◆ **What to produce**: One range is to be output from the listing below, exactly as written: the line with "This crocodile sculpture" to the line with "ID:mWIBpzvk0 地獄で草 続きを読む", both kept.
Task input: Begin
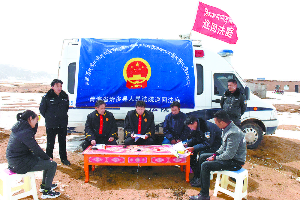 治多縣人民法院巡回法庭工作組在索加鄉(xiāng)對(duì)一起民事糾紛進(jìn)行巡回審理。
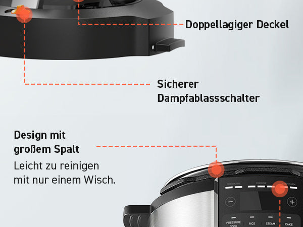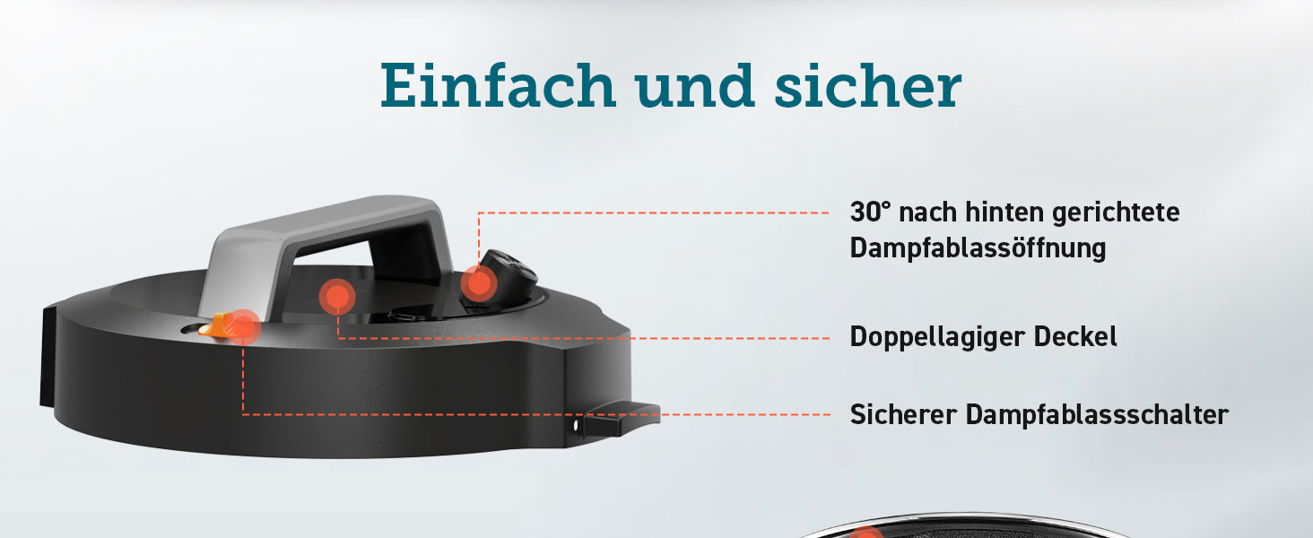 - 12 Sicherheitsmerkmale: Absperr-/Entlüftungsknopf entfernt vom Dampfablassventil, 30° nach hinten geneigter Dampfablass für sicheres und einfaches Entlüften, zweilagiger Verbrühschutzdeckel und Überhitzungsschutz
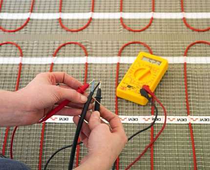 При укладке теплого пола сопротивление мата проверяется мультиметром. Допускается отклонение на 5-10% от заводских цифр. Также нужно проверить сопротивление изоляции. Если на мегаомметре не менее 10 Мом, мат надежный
Task input: End
Task input: Begin
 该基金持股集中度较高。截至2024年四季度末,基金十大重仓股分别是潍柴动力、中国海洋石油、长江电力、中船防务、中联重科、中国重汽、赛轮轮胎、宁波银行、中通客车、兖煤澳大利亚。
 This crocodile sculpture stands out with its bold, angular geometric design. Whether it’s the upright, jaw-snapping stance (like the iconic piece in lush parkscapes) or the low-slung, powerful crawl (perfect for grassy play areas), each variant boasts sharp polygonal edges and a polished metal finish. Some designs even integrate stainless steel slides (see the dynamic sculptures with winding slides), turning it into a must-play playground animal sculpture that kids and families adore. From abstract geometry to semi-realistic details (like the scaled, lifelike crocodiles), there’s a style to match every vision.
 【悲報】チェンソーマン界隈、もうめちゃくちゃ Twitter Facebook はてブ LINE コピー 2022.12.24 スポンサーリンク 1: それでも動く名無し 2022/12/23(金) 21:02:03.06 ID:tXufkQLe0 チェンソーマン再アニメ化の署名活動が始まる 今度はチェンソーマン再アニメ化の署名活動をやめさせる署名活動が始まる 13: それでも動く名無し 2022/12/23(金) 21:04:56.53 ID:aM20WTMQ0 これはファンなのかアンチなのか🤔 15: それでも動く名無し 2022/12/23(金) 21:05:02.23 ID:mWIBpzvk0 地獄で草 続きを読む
Task input: End
◆ **Response area**:
 This crocodile sculpture stands out with its bold, angular geometric design. Whether it’s the upright, jaw-snapping stance (like the iconic piece in lush parkscapes) or the low-slung, powerful crawl (perfect for grassy play areas), each variant boasts sharp polygonal edges and a polished metal finish. Some designs even integrate stainless steel slides (see the dynamic sculptures with winding slides), turning it into a must-play playground animal sculpture that kids and families adore. From abstract geometry to semi-realistic details (like the scaled, lifelike crocodiles), there’s a style to match every vision.
 【悲報】チェンソーマン界隈、もうめちゃくちゃ Twitter Facebook はてブ LINE コピー 2022.12.24 スポンサーリンク 1: それでも動く名無し 2022/12/23(金) 21:02:03.06 ID:tXufkQLe0 チェンソーマン再アニメ化の署名活動が始まる 今度はチェンソーマン再アニメ化の署名活動をやめさせる署名活動が始まる 13: それでも動く名無し 2022/12/23(金) 21:04:56.53 ID:aM20WTMQ0 これはファンなのかアンチなのか🤔 15: それでも動く名無し 2022/12/23(金) 21:05:02.23 ID:mWIBpzvk0 地獄で草 続きを読む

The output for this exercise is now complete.